Summarize Data
Pandas provides a large set of summary functions that operate on different kinds of pandas objects (DataFrame columns, Series, GroupBy, Expanding and Rolling) and produce single values for each of the groups. When applied to a DataFrame, the result is returned as a pandas Series for each column.
Basic descriptive statistics for numeric columns
# count, mean, std, min, max, percentiles
df.describe()
Basic descriptive statistics for “object” columns (e.g. strings or timestamps)
# count, unique, top, and freq
df.describe(include=['object'])
Basic descriptive statistics for all columns
df.describe(include='all')
Basic descriptive statistics for only one column
df.column_x.describe()
# or if column name has spaces
df['column x'].describe()
Count the number of occurrences of each value (excludes missing values)
df.column_x.value_counts()
Count the number of occurrences of each value (includes missing values)
df.column_x.value_counts(dropna=False)
Show the 3 most frequent occurances of column_x
df.column_x.value_counts()[0:3]
Count number of rows in a DataFrame
# quicker
len(df.index)
# or
len(df)
# or
df.shape[0]
Count number of distinct values in a column
df.column_x.nunique()
Get distinct values in a column
df.column_x.unique()
Randomly select 30% of rows without replacement
df.sample(frac=0.3)
Randomly select 30% of rows with replacement
df.sample(frac=0.3, replace=True)
Randomly select 10 rows
df.sample(n=10)
Randomly split a DataFrame into train/test
# will contain 75% of the rows
df_train = df.sample(frac=0.75)
# will contain the other 25% of rows
df_test = df[~df.index.isin(df_train.index)]

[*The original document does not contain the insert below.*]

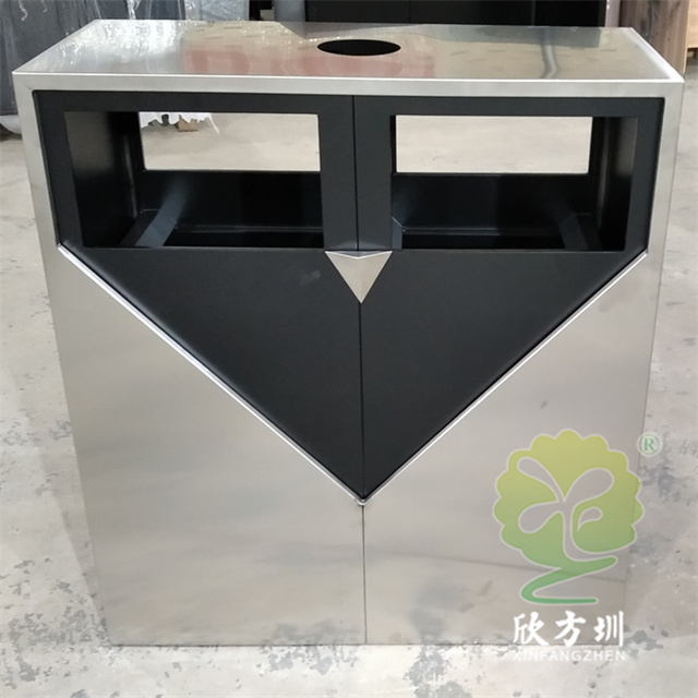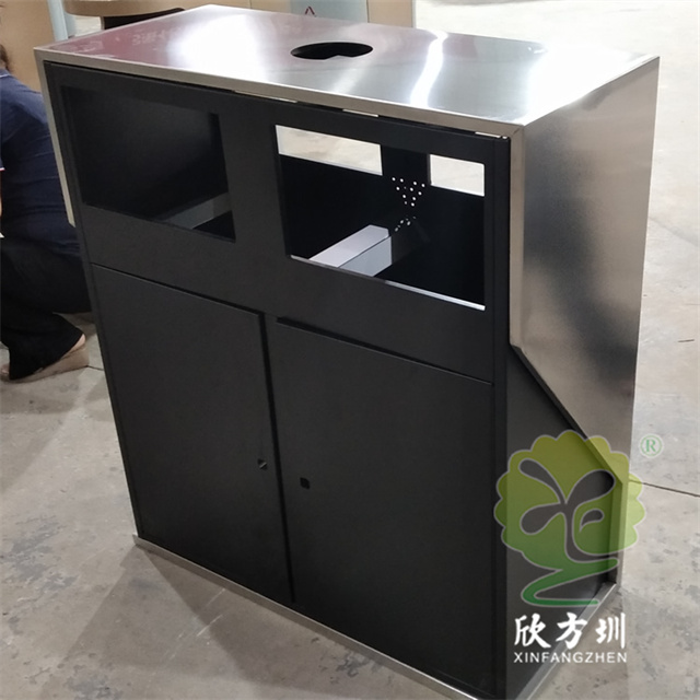戶外小區噴塑不銹鋼分類垃圾桶采用了304不銹鋼板1.0mm制造而成,室外兩連體方形設計,創意框架雙層雙層不銹鋼,內側不銹鋼黑色噴粉,頂部帶個煙灰盅,背面三角鑰匙雙開門可以取出內筒,正面絲印單色國標分類標識。

Get first 7 rows ordered by the given columns in descending order
# better performance
df.nlargest(7, ['column_x', 'column_y'])
# equivalent with
df.sort_values(['column_x', 'column_y'], ascending=False).head(7)
Get first 7 rows ordered by the given columns in ascending order
# better performance
df.nsmallest(7, ['column_x', 'column_y'])
# equivalent with
df.sort_values(['column_x', 'column_y'], ascending=True).head(7)